X-Story Melds Animation, Adventure, and Video Game Aesthetics into a Powerful, Wordless Short

By  · Published on December 9th, 2016

Short of the Day

Stop what you’re doing, you have to see this.

Have you ever wished Metroid was an award-winning animated short? Of course you have, Metroid is awesome. While we might never get the Real McCoy, we’ve been given the next best thing courtesy of Vitaliy Shushko and his film X-Story, a 13-minute short that contains not one single word of dialogue but still manages to tell an engaging tale.

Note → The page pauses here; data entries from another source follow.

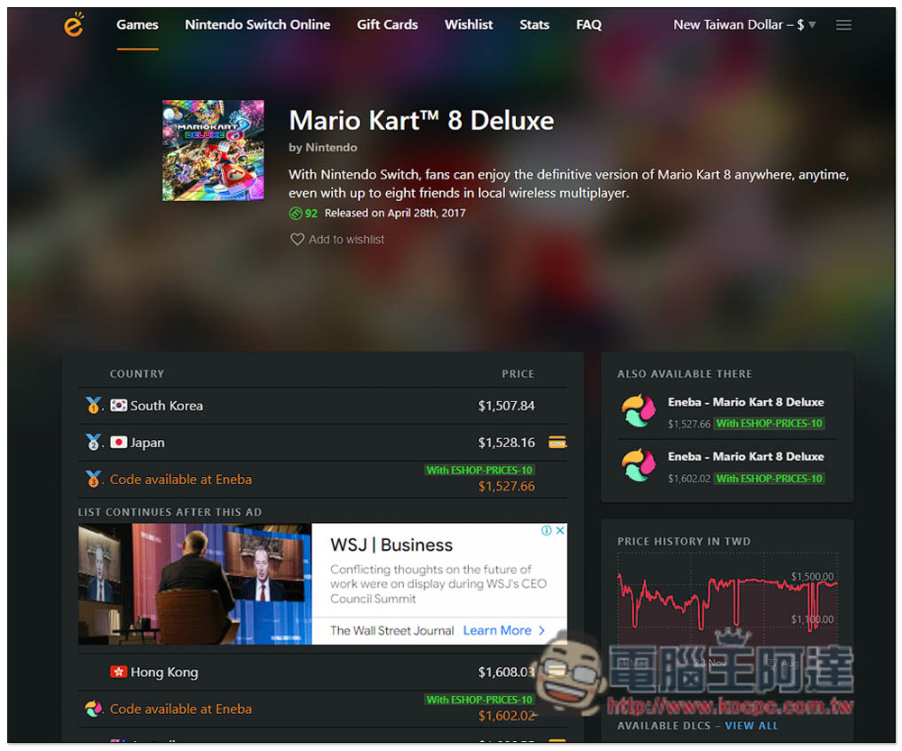 我原本想找 Mario Kart 8 Deluxe 有沒有大特價的國家,結果目前還沒有,依舊要 NT$1,500 以上,直接在台灣買還比較便宜:
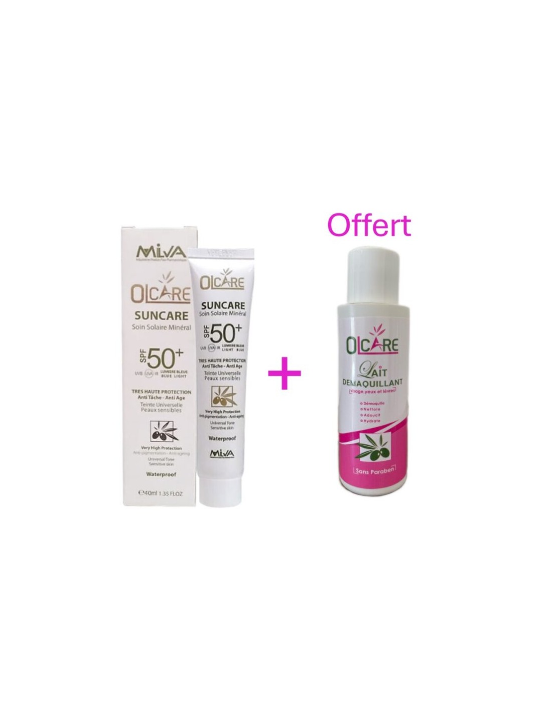 Olcare Ecran Solaire Minéral Teinté Anti Tâche Anti Age SPF50+ 40ml + Lait Démaquillant 100ml
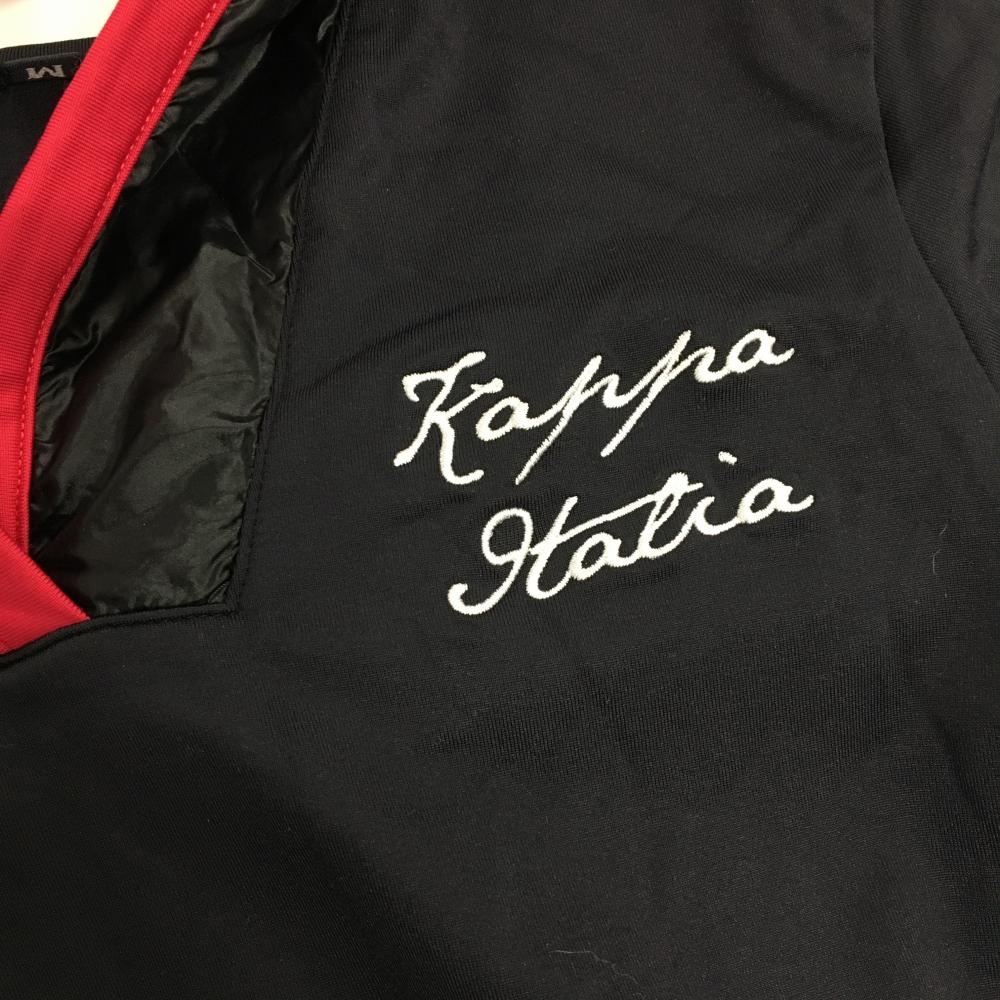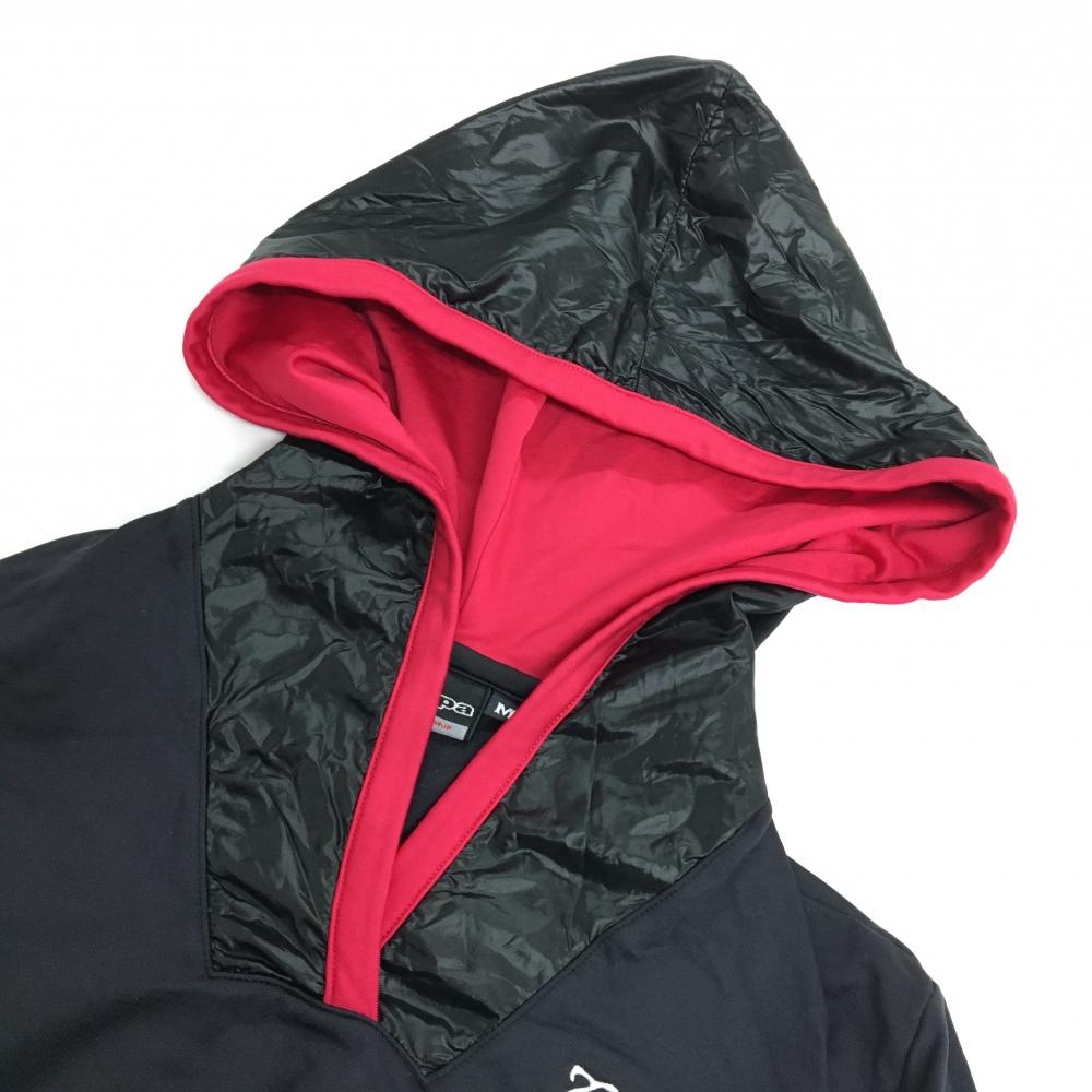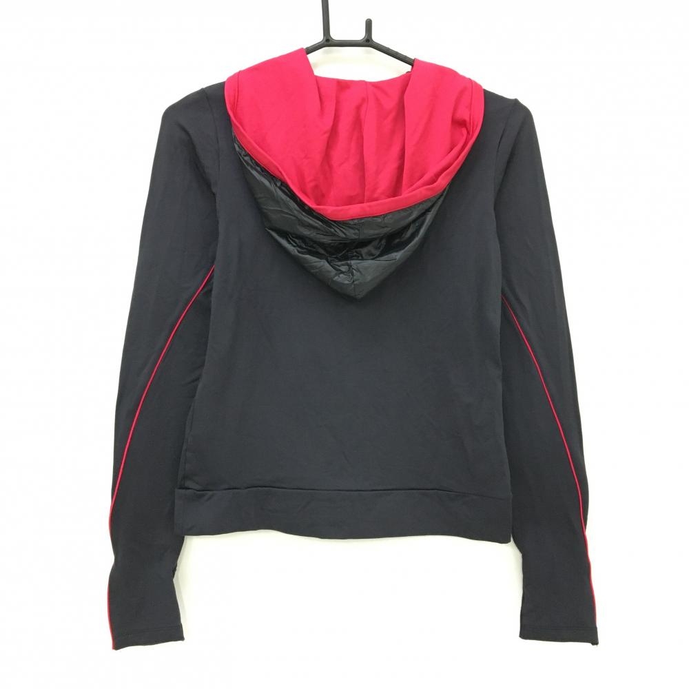 【美品】カッパ 異素材パーカー 黒×ピンク 裏微起毛 胸ロゴ ナイロン部分しわ レディース M ゴルフウェア Kappa

Made over the course of a couple years, X-Story takes place in a future that looks a helluva lot like Ghost in the Shell, Blade Runner, or The Fifth Element, that kind of megacityscape with architecture that mimics circuitry and where the only light sources seem to be fluorescent or neon. Our hero is a treasure hunter with one bionic, prosthetic arm who’s after an ancient technology via an old map that leads him out of the city and into a barren desert where he must navigate the corridors and rooms of a tower that holds the object of his search. But this isn’t just a hide-and-seek sort of story, there’s a big boss at the end who must be defeated if our hero is to be victorious. The animation is smooth and fluid, cell-style so vivid and playful, the music is straight out of Nintendo’s heyday, and the story, even without the aid of dialogue, is intriguing, captivating, unexpected, and even manages to “say” a few things about technological dependence, modern society, and the ramifications of the former dominating the latter

To put it briefly: you gotta watch this, preferably over and over (FYI, rated MATURE). Shushko is ridiculously talented, as his other work reiterates, so you’re better off getting on his bandwagon now, because his is a name you’ll definitely be hearing more of. Your weekend starts right here. Ready Player One?